Rhubarb forcing

I have two rhubarb that we planted a year ago, so they are just over a year old now. I didn't pull any of the stalks during the year as I was told to leave them for the plant to settle before harvesting.  Now one plant - Champagne has died right down, and the other - Victoria has old stalks which look o.k. but are gradually dying down and a new shoot (stalk with leaf) that appears to be growing now.  I read in G.W. that I could start to force the rhubarb plant now - so I am assuming that will be the Victoria or should I force both plants even though one has died down? Forcing is covering with a large container like a dustbin until the new forced shoots have grown good strong pink/red stalks, is that right?The first picture is the died down Champagne, you can see the blackened crown - will it come back in the Spring?This is the Victoria, you can see the new green shoot, should I cut the old stalks off and just force the new shoot and should I cover just this new stalk and surrounding area but not necessarily these older stalks?  Hopefully there will be more than one growing through soon.

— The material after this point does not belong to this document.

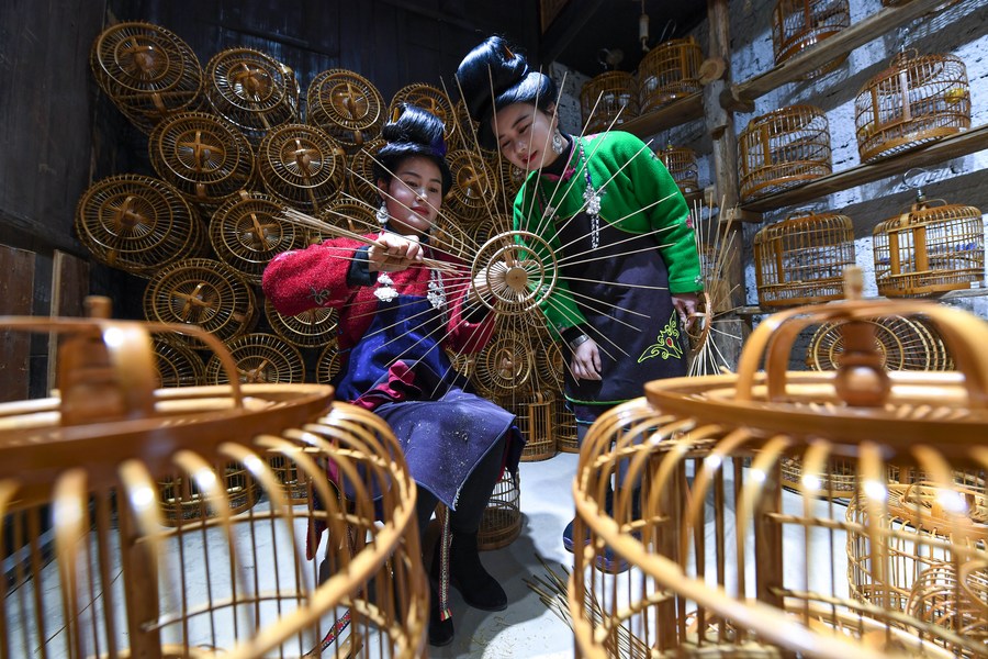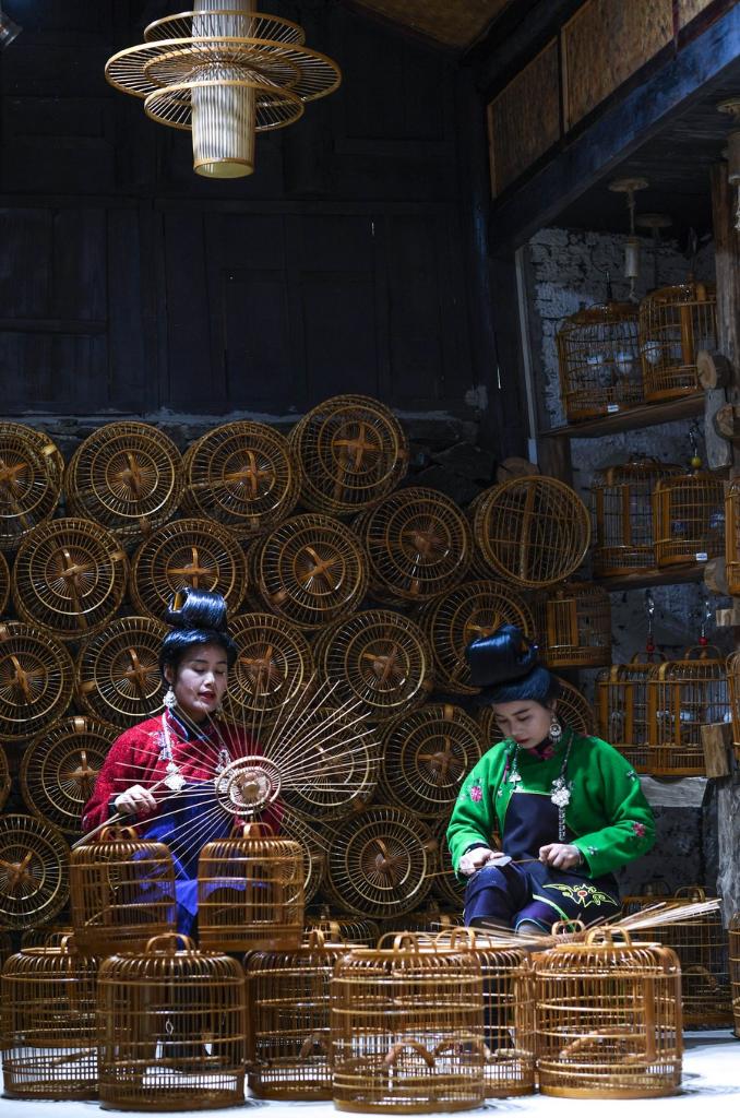 Craftswomen weave bamboo birdcages at a workshop in Kala Village in Longquan Township of Danzhai County, southwest China's Guizhou Province, Nov. 16, 2022. (Xinhua/Yang Wenbin)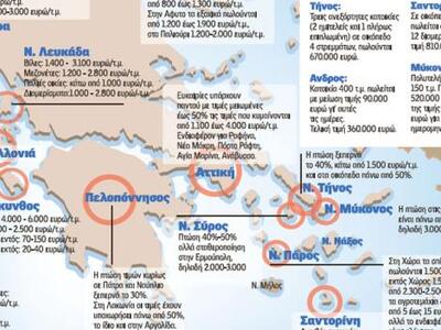 Κεφαλλονιά: Βίλες και μεζονέτες: 1.500 - 5.000 ευρώ/τ.μ. Διαμερίσματα: 900-2.500 ευρώ/τ.μ. Οικόπεδα εντός: 50-300 ευρώ/τ.μ. Οικόπεδα εκτός: 20-90/τ.μ.

  • Allotment BoyAllotment Boy North London Posts: 2,251
    edited December 2018
    It's all a bit mad at the moment because most of us (in the south at least) have had such mild weather. I would normally expect all of them  to have died down by now. Mine had died down but are re-sprouting already. I would not expect them to come back till late Feb / March. You can force as you say but in theory it does weaken the crowns slightly, though I do not find it so with well established crowns. Not sure about the Victoria that has not died down. Maybe someone else will have some ideas.
    AB Still learning

  • BobTheGardenerBobTheGardener Leicestershire, UKPosts: 8,265
    edited December 2018
    I wouldn't force rhubarb until it is at least 3 years old, GD.  At this stage you want them to be producing large roots and forcing them will make them use food stored in the roots as the leaves can't photosynthesize to make their own.  Interestingly, when rhubarb used to be commercially forced, the crowns were lifted from the ground and forced in sheds:
    Obviously this is far more stressful on the roots and is probably why there are a few myths around.  Forcing is purely to improve the culinary qualities and is in no way actually necessary to grow it successfully.
    A trowel in the hand is worth a thousand lost under a bush.
  • Thank you Allotment Boy and Bob for sharing your expertise and knowledge with me.  If my Dad was still alive he would have probably given me the same answers - he was an ace fruit and veg gardener, he tried his had at most of the staple food plants over the years, either in the garden or the greenhouse.  I don't like Rhubarb so I am growing it for family and friends to enjoy, I wish I had paid more attention to what he had done.